I decided the fate of the salad would rest on whether or not my husband found fresh figs at the market after work. If not, it was back to the southwesterny salad. I crossed all appendages, and I think it worked, because he came home with a small crate of figs.
This salad was so good. I certainly don’t claim to be the first to combine goat cheese and figs, or bacon and greens, but, dammit if I’m not awesome for combining all of those things plus toasty pine nuts into one great salad. Salty bacon, warm cheese, slightly sweet figs, crunchy pine nuts. How can you go wrong, really?

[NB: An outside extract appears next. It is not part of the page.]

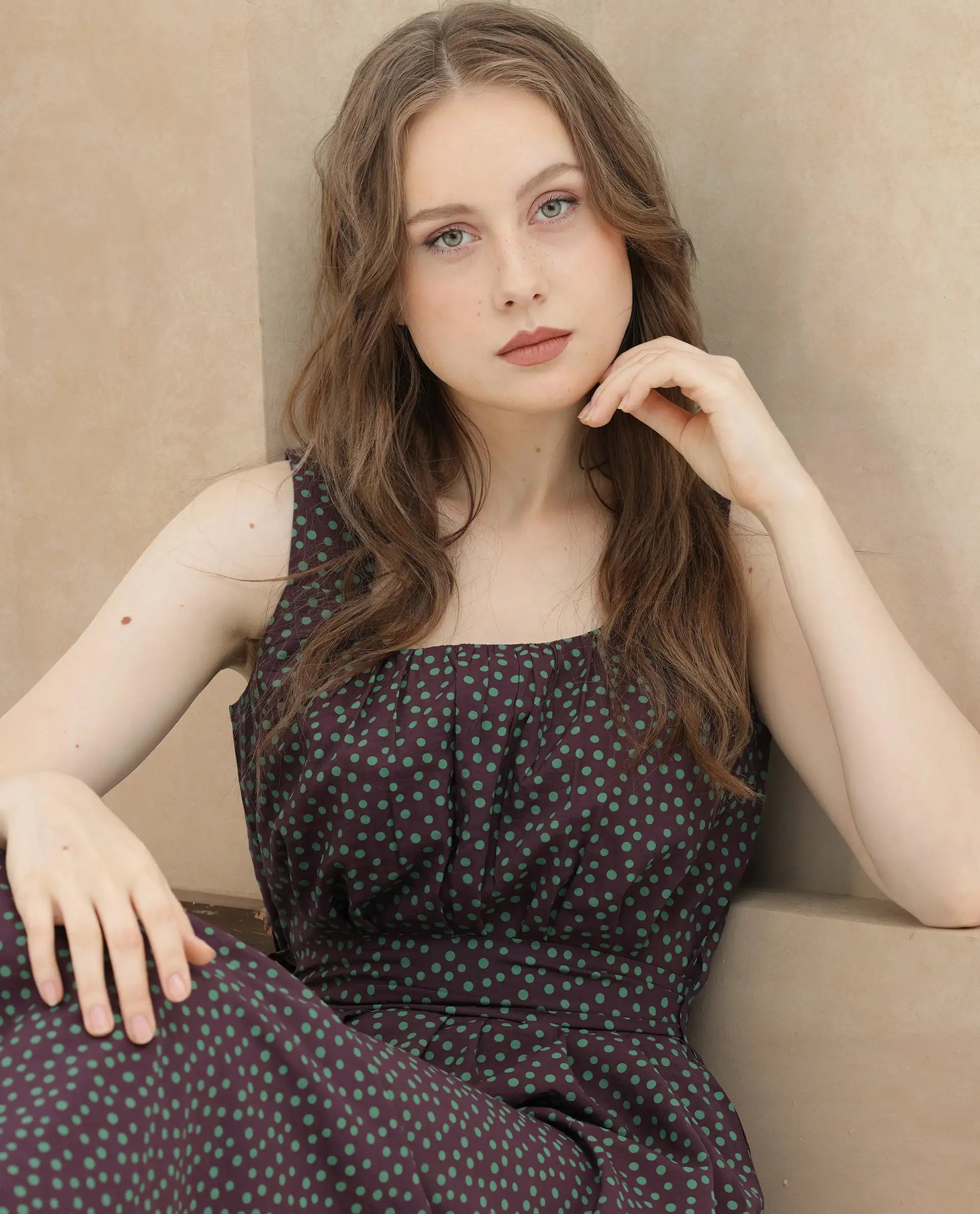 Discover the perfect blend of style and comfort with our elegant brown polka dot flared dress. Crafted from premium viscose, this dress offers a soft and breathable feel, making it ideal for any occasion. The sleeveless design and square neckline add a touch of sophistication, while the flared silhouette ensures a flattering fit. Whether you're attending a casual brunch or a formal event, this dress is your go-to choice for effortless elegance.
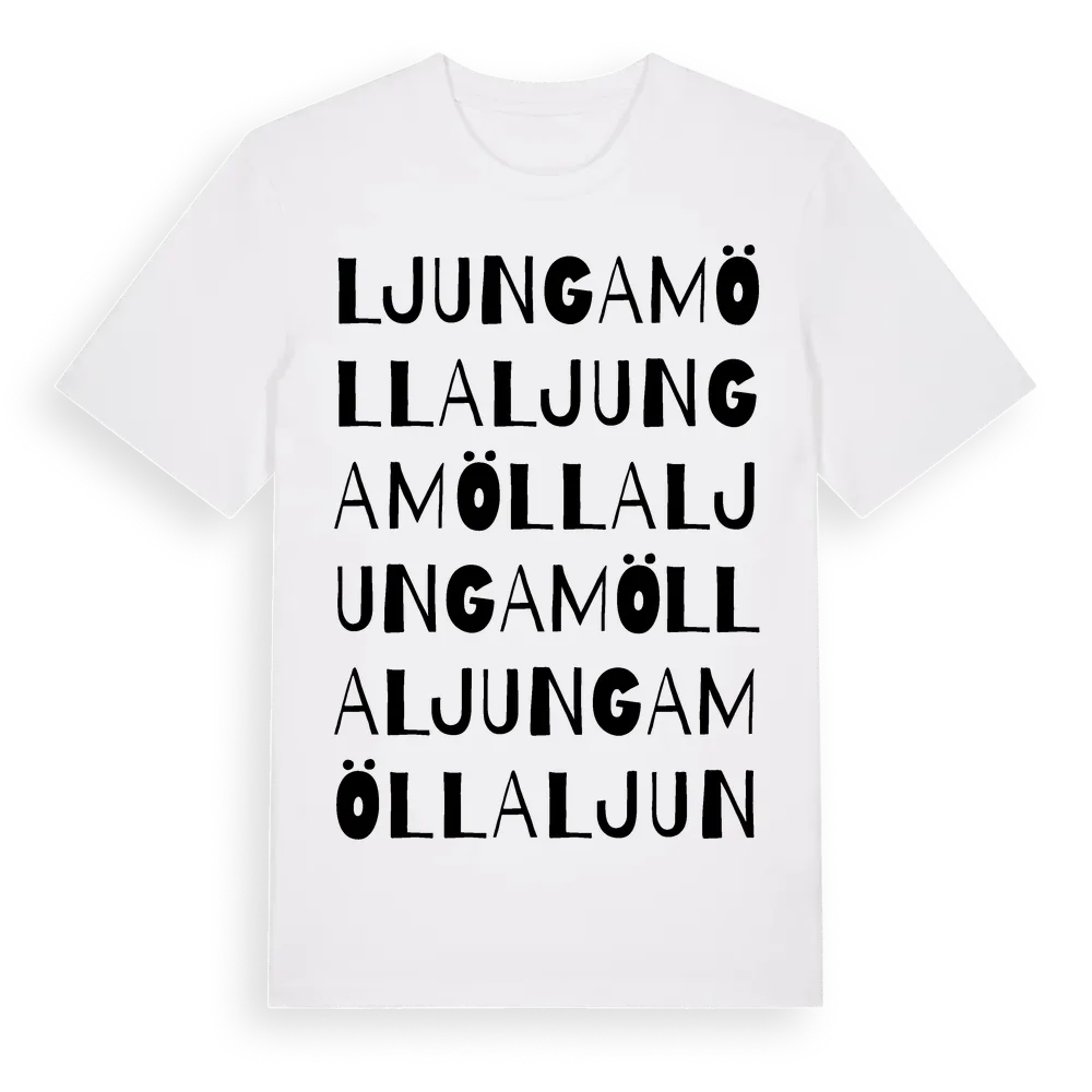 Ljungamölla ordlek t-shirt är inspirerad av byn Ljungamölla i Skåne län, Sverige. Tröjan är designad för dig som har en speciell koppling till platsen – oavsett om du bor här, har rötterna här eller bara älskar Ljungamölla.

Baby Greens Salad with Roasted Figs, Bacon, and Warm Goat Cheese
Serves 4 as a first course/hefty side
4 ounce goat cheese log
1 egg white
1/3 cup bread crumbs
olive oil (optional)
8 black mission figs, stemmed and cut in half
2 Tbsp. balsamic vinegar + extra for drizzling
4 slices thick-cut bacon
2 Tbsp. pine nuts, toasted
8 cups baby greens
sea salt and freshly ground pepper
Season the bread crumbs with a few grinds of pepper. Slice the goat cheese into 8, 1/2 oz. slices. Dip each slice into the egg white, and then into the breadcrumbs, lightly patting to make sure the crumbs adhere all around. Refrigerate or freeze for 15-20 minutes.
Meanwhile, roast the figs. Preheat the oven to 400. Lay the figs cut side up on a baking sheet/pan and drizzle with balsamic vinegar. Season with salt and pepper. Roast for about 6 minutes or until soft and slightly caramelized. Reserve any additional balsamic/drippings. You can bake the goat cheese medallions at the same time, if you want, or pan-fry them in a little olive oil, at about the same time you are making the bacon.
Cook the bacon in a clean, dry skillet (you might as well use this pan for toasting the pine nuts, before you cook the bacon). Remove the bacon to some paper towels to drain, leaving behind the fat (drain some if it’s more than 2 Tbsp.). Crumble the bacon.
Off the heat, but while the pan is still hot, add 2 Tbsp. balsamic vinegar and any drippings from the fig pan. Scrape up anything that may be left on the pan.
Plate your greens, top with the figs, hot goat cheese medallions, crumbled bacon, and pine nuts. Drizzle with the balsamic/bacon dressing.